How Technology Is Opening The Way for Financial Inclusion Of World’s 2 Billion Unbanked



Consider some of the services you probably rely on your bank to provide: safekeeping, payments processing, and the occasional credit. Your bank also likely facilitates certain intangibles: your sense of financial inclusion, job market participation, and household security. Without these you would easily be vulnerable to potential exclusion and economic prejudice.

Access to basic financial services is so critical to security and development that it is listed as the top target set forth in the UN Sustainable Development Goals to end poverty. For more than 2 billion people banking services still remain out of reach (source: World Bank). Traditional banking services may be complex, expensive, and difficult to access. Barriers include lack of local banking infrastructure within reasonable distance and high expenses to open accounts. In addition, some 1.5 billion people lack the necessary personal identification documents to open a bank account (source: World Bank) – preventing them from taking even the most basic steps to integration.

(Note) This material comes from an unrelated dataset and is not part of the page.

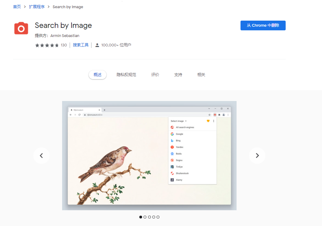 安装谷歌插件 search by image就可以实现全网搜索相同图片

More than 2 billion people lack banking services

Humaniq, a London-based fintech startup, is a next-generation bank offering solutions for the world’s unbanked population. Combining its vision for economic empowerment and community building with the latest innovations in blockchain technology, mobile, biometrics, and artificial intelligence, Humaniq aims to provide a technology platform for financial inclusion services for those who lack practical, affordable banking solutions.

Dinis Guarda, CEO of Humaniq, is a vocal proponent of global sustainability initiatives. In founding Humaniq, he joined with fellow co-founders Alex Fork and Dimitry Kaminsky to seek a way to use advanced technologies to solve humanity’s most pressing challenges. “The biggest challenge at the moment is that a big proportion of the world’s population is filtered-out from the technology around them. They don’t see the future of work and all the disruption that is going on,” explains Guarda. “At the same time, we have new disruptive technologies, a lot of them foundational technologies, like blockchain, as well as IoT and AI. These technologies are creating a fast transformation in the way we consume information, the way we deal with our economic and social models, and the way we deal with economics.”

Integrating Mobile, Biometrics, and Blockchain Technology

While almost half of the world’s population lacks basic financial services, a sizable portion owns a mobile phone. Humaniq’s specialty – which distinguishes it from simply being yet another mobile wallet app – is its innovative combination of mobile technology, biometrics, and blockchain technology. To access Humaniq’s app, all that will be required of a user is a mobile phone with a camera.

The use of biometric identification offers a twofold advantage. On the one hand, it simplifies the user experience, so that even a novice can use the service. One the other, biometrics provide a sophisticated layer of security through facial recognition algorithms and neural networks that can verify user identity upon each login. This concept, known as proof of face, is based on a series of photos, video recordings of facial gestures, and the user’s speech. “Biometric, because from the UI and UX we want to make sure it is possible for anyone to use it,” says Guarda. “Especially in India, there is a study showing approximately 1 billion people who do not exist in terms of documentation; so we want to make sure through biometrics that we can integrate people in the digital economy.”

Priority on Building a Solid Community

Established in July 2016, Humaniq has moved swiftly to build a sustainable business model as well as a technology model that supports expansion of its platform and ecosystem. In April, the startup achieved a major milestone with the initial coin offering (ICO) of its HMQ token. The sale attracted 12,000 investors and netted close to USD$5.2 million. “With this, we are now building the beta version of our app,” says Guarda. “We did our first pilot project in India. With these pilot projects, we are testing the technology, and as we get a much bigger capacity to understand [users’] needs, we are going to scale these and take things to the next level.”

Users of the Humaniq app will hold HMQ tokens as the chief value denomination within the community. These tokens will be exchangeable into bitcoins, and then into dollars, euros, or other standard currencies. Two crypto-exchanges already accept HMQ tokens. As the community grows and becomes more sustainable, it is expected that it will become much easier to exchange tokens than to go through currencies and traditional exchanges. Community is an integral part of Humaniq’s mission. “The challenge of building a solid community is essential, because if we don’t build a solid community, it won’t scale,” says Guarda.

In July, Humaniq plans to make its service available via pilot projects in Africa, Asia, and South America. Ultimately, the service will be available to anyone anywhere, facilitating an exchange between the developed world and developing countries; so that, for example, someone working in Germany will be able to send money back to her family in Africa. Guarda says, “We want to make sure that Humaniq is not merely an app, but a social-good ecosystem for humanity.”